- Opening Delimiter -

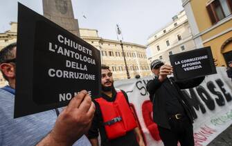 Manifestazione davanti a Montecitorio dei comitati 'No Grandi Navi' e 'No Mose', giunti questa mattina con un bus a Roma. I manifestanti hanno rivolto un appello al Governo per abbandonare il Mose e vietare il transito delle grandi navi in Laguna. LA FOTOGALLERY
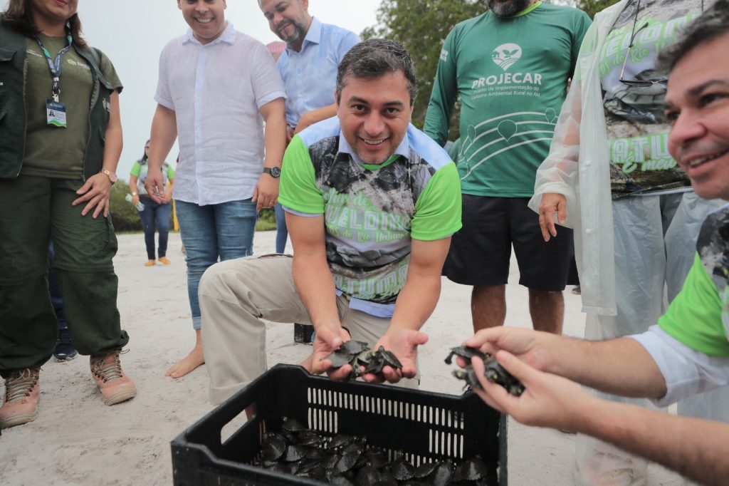 O governador Wilson Lima participou da soltura de 20 mil filhotes de tartarugas, tracajás e iaçás, na comunidade da Enseada, localizada na Reserva de Desenvolvimento Sustentável (RDS) do Uatumã, em São Sebastião do Uatumã (a 247 km de Manaus). A soltura de quelônios nesta quinta-feira (16) foi a maior de 2023. A Unidade de Conservação é gerida pela Secretaria de Estado do Meio Ambiente (Sema).
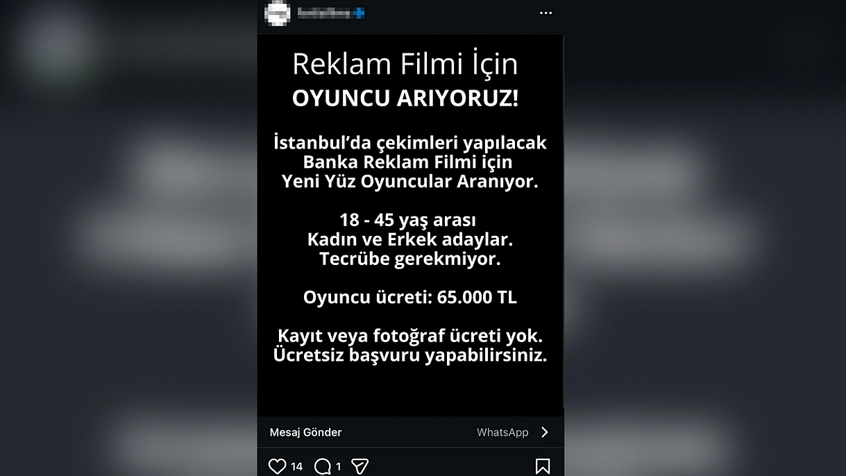 Sosyal medyada 'oyuncu aranıyor' ilanıyla tuzağa düşürülen onlarca gençten eğitim ücreti adı altında para alındığı, okuma fırsatı verilmeden sözleşme ve senet imzalatıldığı öne sürüldü.

- Closing Delimiter -

• _ACTION ITEM_: Repeat the listing in full and to the letter, excluding every image.

• _RESULT FOR THIS TASK_:
 Manifestazione davanti a Montecitorio dei comitati 'No Grandi Navi' e 'No Mose', giunti questa mattina con un bus a Roma. I manifestanti hanno rivolto un appello al Governo per abbandonare il Mose e vietare il transito delle grandi navi in Laguna. LA FOTOGALLERY
 O governador Wilson Lima participou da soltura de 20 mil filhotes de tartarugas, tracajás e iaçás, na comunidade da Enseada, localizada na Reserva de Desenvolvimento Sustentável (RDS) do Uatumã, em São Sebastião do Uatumã (a 247 km de Manaus). A soltura de quelônios nesta quinta-feira (16) foi a maior de 2023. A Unidade de Conservação é gerida pela Secretaria de Estado do Meio Ambiente (Sema).
 Sosyal medyada 'oyuncu aranıyor' ilanıyla tuzağa düşürülen onlarca gençten eğitim ücreti adı altında para alındığı, okuma fırsatı verilmeden sözleşme ve senet imzalatıldığı öne sürüldü.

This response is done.